After months of waiting, the EU’s General Data Protection Regulation (GDPR) went into effect on May 25, 2018, and user inboxes were flooded with emails alerting them of changes to company privacy policies. However, even though the world has (mostly) accepted GDPR and kept moving forward, that isn’t the end of EU privacy regulations for the tech industry.
On the heels of GDPR comes the ePrivacy regulation, a separate regulation that focuses on ensuring individual privacy as it relates to electronic communications. While the final draft of the ePrivacy regulation didn’t make it out in time to release with GDPR, it is in the works and expected to release soon.
As such, it is important that companies understand the different ways in which the GDPR and ePrivacy regulations will affect their business.
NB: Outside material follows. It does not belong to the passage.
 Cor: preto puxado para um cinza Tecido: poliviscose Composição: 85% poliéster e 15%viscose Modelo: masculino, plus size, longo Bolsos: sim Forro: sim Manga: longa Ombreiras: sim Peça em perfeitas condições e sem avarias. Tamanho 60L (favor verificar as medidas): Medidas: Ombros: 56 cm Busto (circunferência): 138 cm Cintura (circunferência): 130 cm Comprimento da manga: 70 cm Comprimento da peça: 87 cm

Here are the three differences that business leaders and professionals need to know.
1. ePrivacy specifically covers electronic communications
While the GDPR is the general regulation for personal data stored or used by a company, ePrivacy is lex specialis to GDPR when it comes to communications. What that means is that, when a data privacy issue is raised regarding communications, regulators will default to ePrivacy for that given instance. The two are meant to complement one another.
The ePrivacy regulation is an update to the standing ePrivacy Directive, which was originally put into place to guarantee “right to privacy in the electronic communication sector,” according to the directive. The directive originally focused mainly on email and SMS messages, but the proposed regulation would also address data privacy in services like WhatsApp, Facebook Messenger, and Skype, along with Internet of Things (IoT) devices.
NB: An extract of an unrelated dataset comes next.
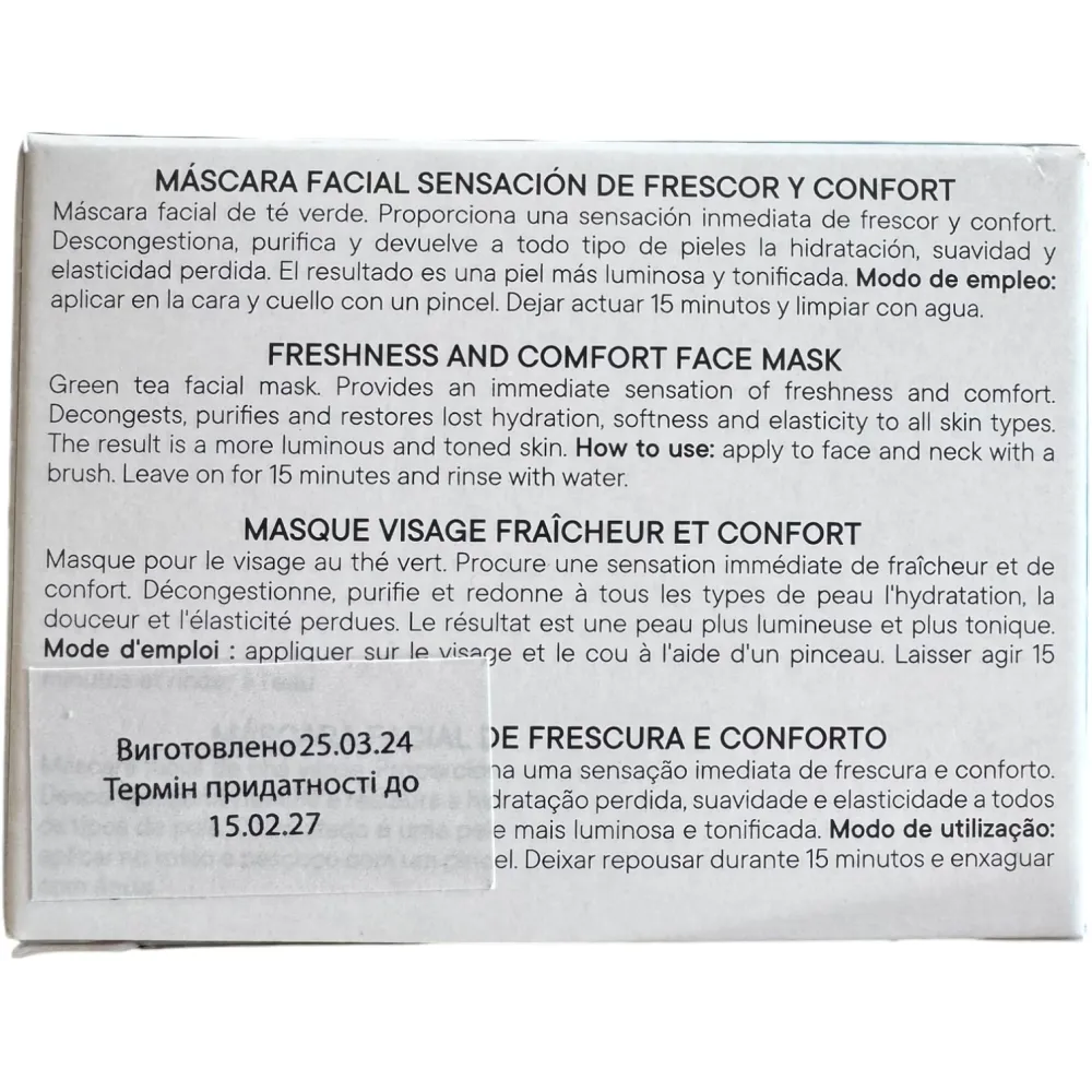 | Рекомендації | Нанести рівномірним шаром на очищену шкіру обличчя, уникаючи ділянки навколо очей та губ. Залишити на 15–20 хвилин, потім змити теплою водою. Використовувати 1–2 рази на тиждень. |

Additionally, the ePrivacy regulation will also protect metadata associated with electronic communications as well.
2. ePrivacy includes non-personal data
GDPR is laser-focused on the protection of personal data, but the ePrivacy regulation is focused more broadly on the confidentiality of communications, “which may also contain non-personal data and data related to a legal person,” the proposal states.
The original ePrivacy Directive is often referred to as the “cookie law” because it imposed the need for informed consent before a firm could track an internet user with cookies. The regulation will add new clarifications and simplifications for the consent rule, along with other new tools for protecting against unwanted communication tracking and more.
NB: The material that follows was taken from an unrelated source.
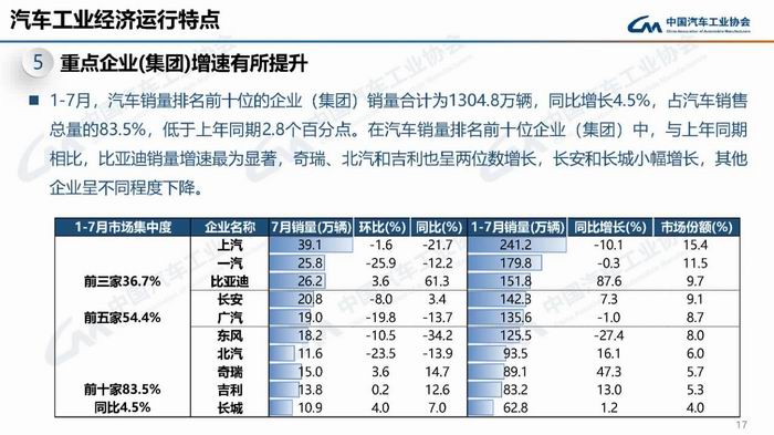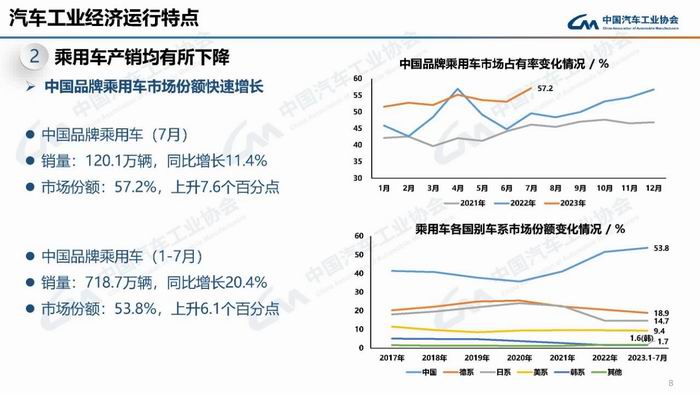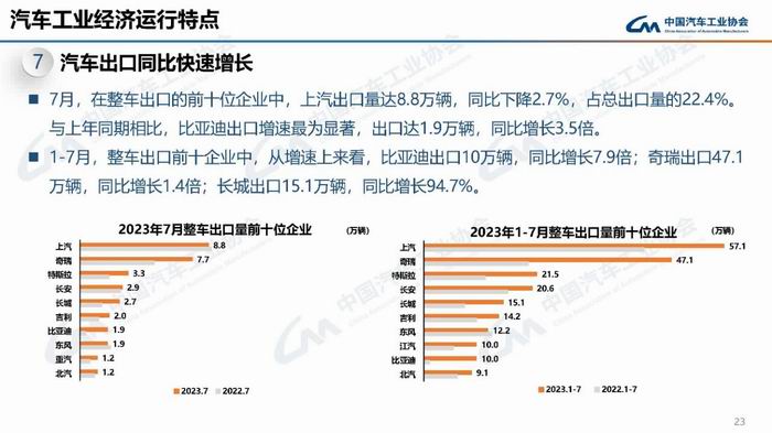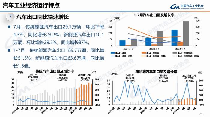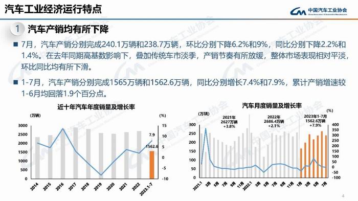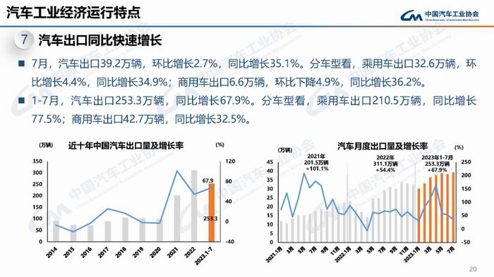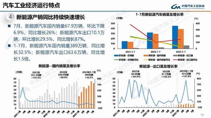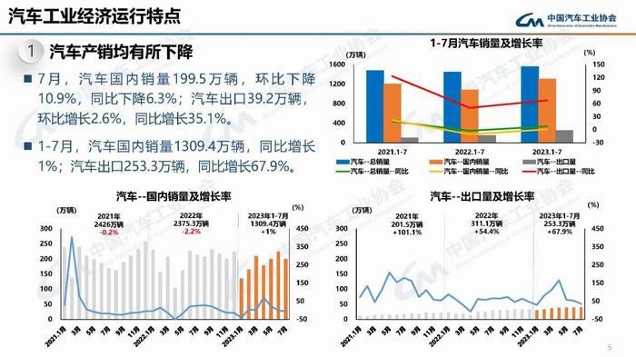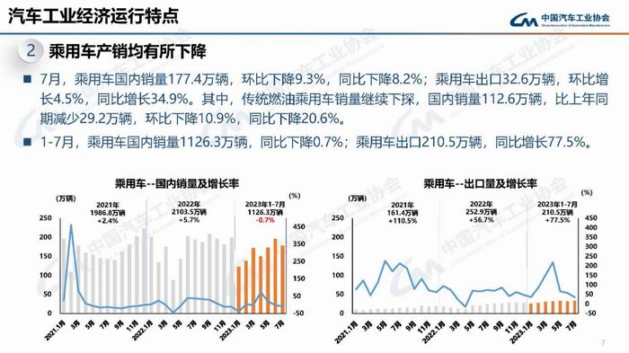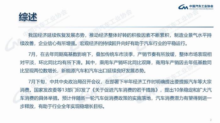 7月,在去年同期高基數(shù)影響下,疊加傳統(tǒng)車市淡季,產(chǎn)銷節(jié)奏有所放緩,整體市場表現(xiàn)相對平淡,環(huán)比同比均有所下滑。其中,乘用車產(chǎn)銷環(huán)比同比雙降,商用車產(chǎn)銷因去年低基數(shù)同比呈現(xiàn)兩位數(shù)增長,新能源汽車和汽車出口延續(xù)良好發(fā)展態(tài)勢。

3. They have different legal precedents
As noted in the proposal itself, the basis for the ePrivacy regulation are Article 16 and Article 114 of the Treaty on the Functioning of the European Union. However, it also reflects part of Article 7 of the Charter of Fundamental Rights: “Everyone has the right to respect for his or her private and family life, home and communications.”
GDPR, on the other hand, is based on Article 8 of the European Charter of Human Rights, which states: “Everyone has the right to respect for his private and family life, his home and his correspondence.” However, for ePrivacy, the proposal notes that the meaning and scope of Article 7 of the Charter of Fundamental Rights shall be regarded in the same way as Article 8 from the European Charter of Human Rights.